President George W. Bush declared Friday, June 11, a national day of mourning and ordered all non-essential government offices closed on that day in honor of the former president. The New York Stock Exchange and Nasdaq also said they would close Friday in observance of the day of mourning.
"I call on the American people to assemble on that day in their respective places of worship, there to pay homage to the memory of President Reagan," President Bush said in a statement. "I invite the people of the world who share our grief to join us in this solemn observance."
President Bush further ordered U.S. flags to be flown at half-staff for 30 days at all U.S. buildings and installations around the world.
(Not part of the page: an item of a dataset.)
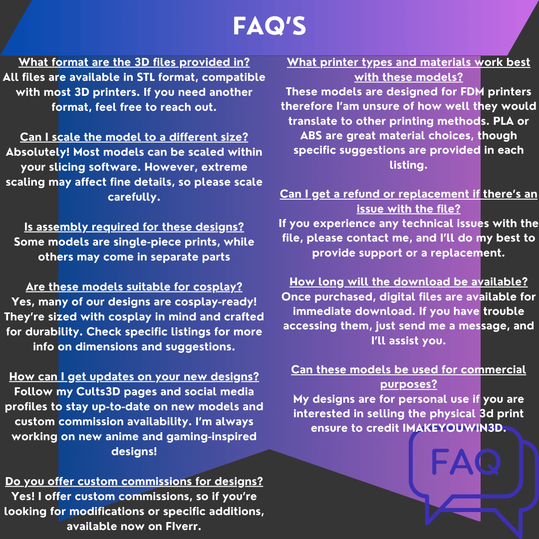 - High-Quality for Cosplay: A durable, print-friendly model made to withstand conventions, photoshoots, or as a standout display item.

President Reagan's chief of staff, Joanne Drake, said Sunday that "Mrs. Reagan and her family are deeply touched by the outpouring of sympathy from across the country and around the world. As you can understand, the family is in deep mourning over the loss of a husband, a father, a grandfather and their hero."
The Reagan family is scheduled to hold a private memorial service at the Reagan presidential library Monday morning after which the former president's body will lie in repose for public viewing until 6 p.m. Pacific time Tuesday evening.
A spokesman for the Reagan family said that national and world leaders, including former presidents George H.W. Bush, Bill Clinton and Gerald Ford as well as former British Prime Minister Margaret Thatcher and the Rev. Billy Graham, had called former first lady Nancy Reagan to offer condolences.
Most political leaders and public figures throughout the world paid tribute to the former president on Sunday and Monday, though some Latin American and Middle Eastern leaders were critical of his administration's foreign policy.
"This is a sad day for our country," former President Carter reportedly said at his church in Plains, Ga., on Sunday. "I probably know as well as anybody what a formidable communicator and campaigner that President Reagan was. It was because of him that I was retired from my last job."
Democratic presidential candidate Sen. John Kerry of Massachusetts said that Reagan was an optimist who helped shape a Cold War victory for America. Kerry also remembered the president as a friendly political foe.
"Ronald Reagan's love of country was infectious. Even when he was breaking Democrats hearts, he did so with a smile and in the spirit of honest and open debate," Kerry said. "Despite the disagreements, he lived by that noble ideal that at 5 p.m. we weren't Democrats or Republicans, we were Americans and friends."
Kerry said he would suspend campaigning for a week in respect to the Reagan family.
In an editorial published Monday in The New York Times, former Soviet President Mikhail Gorbachev called Reagan "an extraordinary man who in his long life saw moments of triumph, who had his ups and downs and experienced the happiness of true love."
Gorbachev honored Mr. Reagan for his willingness to engage in dialogue with Soviet leaders after calling that country an "evil empire" during his first term in office.
"True, Reagan was a man of the right. But, while adhering to his convictions, with which one could agree or disagree, he was not dogmatic; he was looking for negotiations and cooperation," Gorbachev wrote. "And this was the most important thing to me: he had the trust of the American people."
Gorbachev further called Reagan "a true leader, a man of his word and an optimist, he traveled the journey of his life with dignity and faced courageously the cruel disease that darkened his final years. He has earned a place in history and in people's hearts."
On Wednesday morning members of the family will accompany the body as it is flown to Andrews Air Force base in Maryland, where a funeral procession will convey it to the U.S. Capitol building in Washington.
Once in Washington, D.C., President Reagan's casket will be carried up Constitution Avenue in a horse drawn caisson, passing the monuments on the National Mall and the South Lawn of the White House.
A state funeral will be held at the Capitol Wednesday evening, after which President Reagan's body will lie in state for public viewing in the Capitol Rotunda building until Friday morning.
On Friday a funeral service will be held in Washington's National Cathedral where John Danforth, the newly appointed U.S. ambassador to the United Nations and an Episcopal minister, will officiate. Danforth is a former Republican senator from Missouri.
Following Friday's funeral service the former president's body will be flown to California for burial in a plot overlooking the Pacific Ocean at the Reagan Presidential Library.
President Reagan himself reportedly chose his place of burial and planned many of the details of his funeral arrangements.